Suppose we have a quantum circuit like this. All the gates are known except for one. For any input of q[0] and q[1], we know the corresponding output. I have provided the output state for four different input state which forms a basis .
How can we know that which gate is the unknown gate?
How to solve these types of problems?
The effect of a circuit can be explained by matrix-vector multiplications.
If you start with a state $\vec{q}$ and if the gates in your figure are represented by the matrices $A$, $B$, and $U$ (where $U$ is the unknown), then the output will be given by $\vec{q_f} = ABU\vec{q}$.
The $AB$ factor can be replaced by a single matrix called $C$, and with symbolic computation (a.k.a computer algebra) you can combine $U$ and $C$ too.
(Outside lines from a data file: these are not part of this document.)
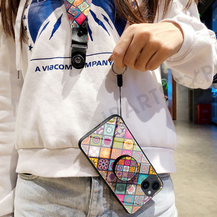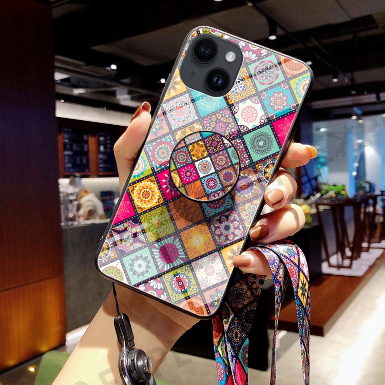 For iPhone 15 Tempered Glass+PC+TPU Case Flower Pattern Phone Kickstand Cover with Lanyard - Color Pattern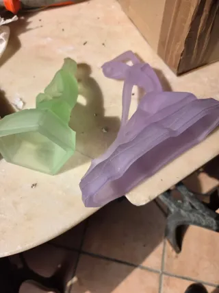 Due splendidi oggetti ornamentali in vetro, uno verde e uno viola, con forme eleganti. - Materiale: Vetro. - Colori: Verde e viola. - Design: Figure stilizzate.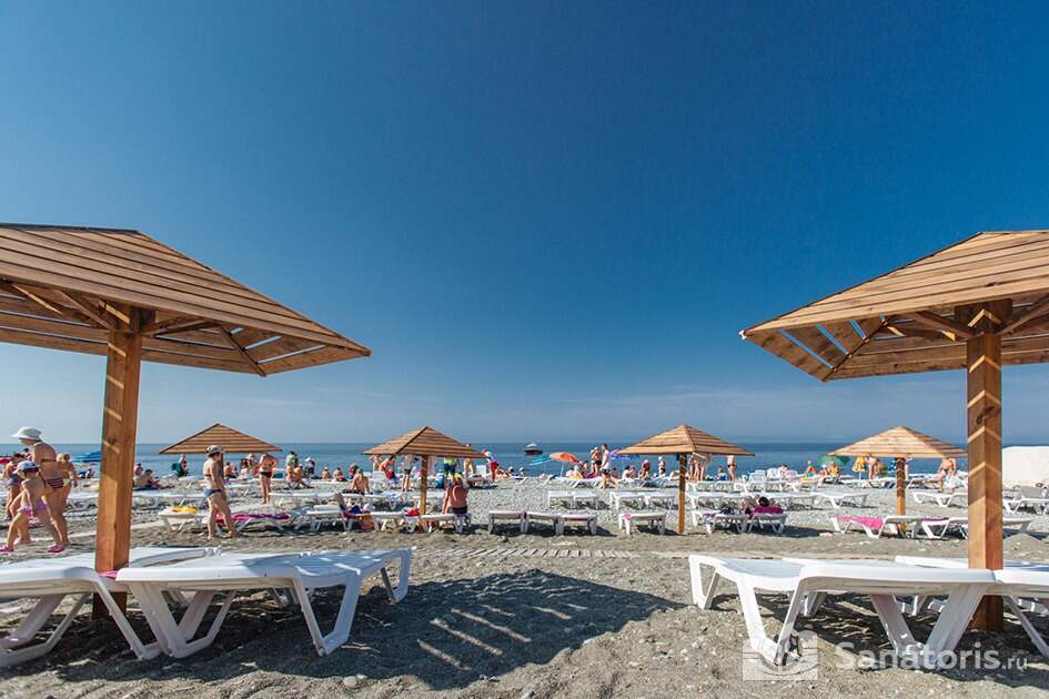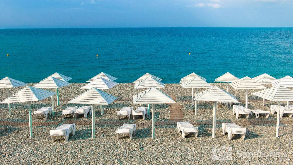 Чистый пляж расположен в 200 метрах от гостиничного комплекса. Здесь есть современные кабинки для переодевания, шезлонги, пляжные навесы.
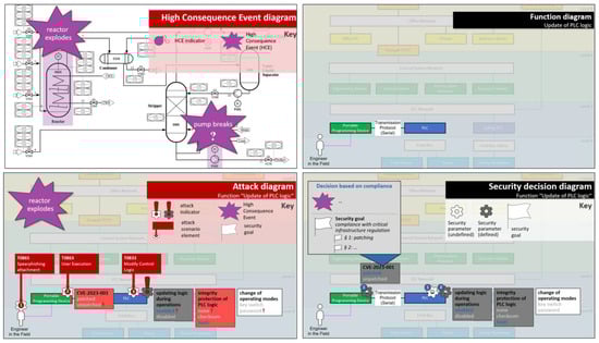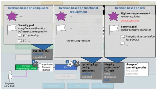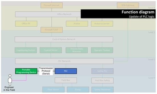 - Risk-driven decision making (marked red in Figure 1): For risk-driven decision making, it can make sense to define High-Consequence Events (HCEs)—events that would make for a really bad day at the organization and that must be prevented [10,55]. In addition, all kinds of attack scenarios potentially leading to HCEs are a meaningful addition to the security decision base because they provide more detailed indicators on how to prevent HCEs. Attack scenarios can be function-specific, detailing how a specific function may be exploited to cause a specific HCE.Security parameters contain some built-in guidance for constructing attack scenarios: parameter values that may be used in an attack are marked as attack indicators in the library. See Section 3.2 for details.Attack diagrams provide guidance by overlaying all relevant information for modeling attack scenarios onto function diagrams. See Section 3.3 for details.Example: For the same chemical production plant, a HCE could be “reactor explodes”. For the function “update of PLC logic”, an imaginable attack scenario would be sending a spearphishing attachment to a PLC engineer to gain access to her programming device, exploit a vulnerability allowing user execution on that device, and ultimately modify the PLC’s logic to cause overpressure in the reactor.

Let's try this, assuming that your "controlled note" get is just what others usually call "controlled not" or CNOT. Then we have:
$$ A = \begin{bmatrix} 1 & 0 & 0 & 0 \\ 0 & 1 & 0 & 0 \\ 0 & 0 & 0 & 1 \\ 0 & 0 & 1 & 0 \end{bmatrix},\tag{1} $$
$$ B = \begin{bmatrix} 0 & 1 & 0 & 0 \\ 1 & 0 & 0 & 0 \\ 0 & 0 & 0 & 1 \\ 0 & 0 & 1 & 0 \end{bmatrix},\tag{2} $$
$$ U = \begin{bmatrix} a & b & c & d \\ e & f & g & h \\ i & j & k & l \\ m & n & o & p \end{bmatrix},\tag{3} $$
$$ \vec{q} = \begin{bmatrix} 0 \\ 1 \\ 0 \\ 0 \end{bmatrix},\tag{4} $$
and
$$ \vec{q}_f = \begin{bmatrix} 1 \\ 0 \\ 0 \\ 0 \end{bmatrix}.\tag{5} $$
This would mean that we have:
$$\tag{6} \begin{bmatrix} 1 \\ 0 \\ 0 \\ 0 \end{bmatrix} = \begin{bmatrix} 1 & 0 & 0 & 0 \\ 0 & 1 & 0 & 0 \\ 0 & 0 & 0 & 1 \\ 0 & 0 & 1 & 0 \end{bmatrix} \begin{bmatrix} 0 & 1 & 0 & 0 \\ 1 & 0 & 0 & 0 \\ 0 & 0 & 0 & 1 \\ 0 & 0 & 1 & 0 \end{bmatrix} \begin{bmatrix} a & b & c & d \\ e & f & g & h \\ i & j & k & l \\ m & n & o & p \end{bmatrix}\begin{bmatrix} 0 \\ 1 \\ 0 \\ 0 \end{bmatrix}, $$ $$\tag{7} \begin{bmatrix} 1 \\ 0 \\ 0 \\ 0 \end{bmatrix} = \begin{bmatrix} 0 & 1 & 0 & 0 \\ 1 & 0 & 0 & 0 \\ 0 & 0 & 1 & 0 \\ 0 & 0 & 0 & 1 \end{bmatrix} \begin{bmatrix} a & b & c & d \\ e & f & g & h \\ i & j & k & l \\ m & n & o & p \end{bmatrix}\begin{bmatrix} 0 \\ 1 \\ 0 \\ 0 \end{bmatrix}, $$
$$ \begin{bmatrix} 1 \\ 0 \\ 0 \\ 0 \end{bmatrix} = \begin{bmatrix} f \\ b \\ j \\ n \end{bmatrix}.\tag{8} $$
You now have found 4 out of 16 unknown variables. You can do the same for the other 3 scenarios to get the other 4x3 = 12 unkown variables. You can use this matrix-vector multplier to make the computations easier.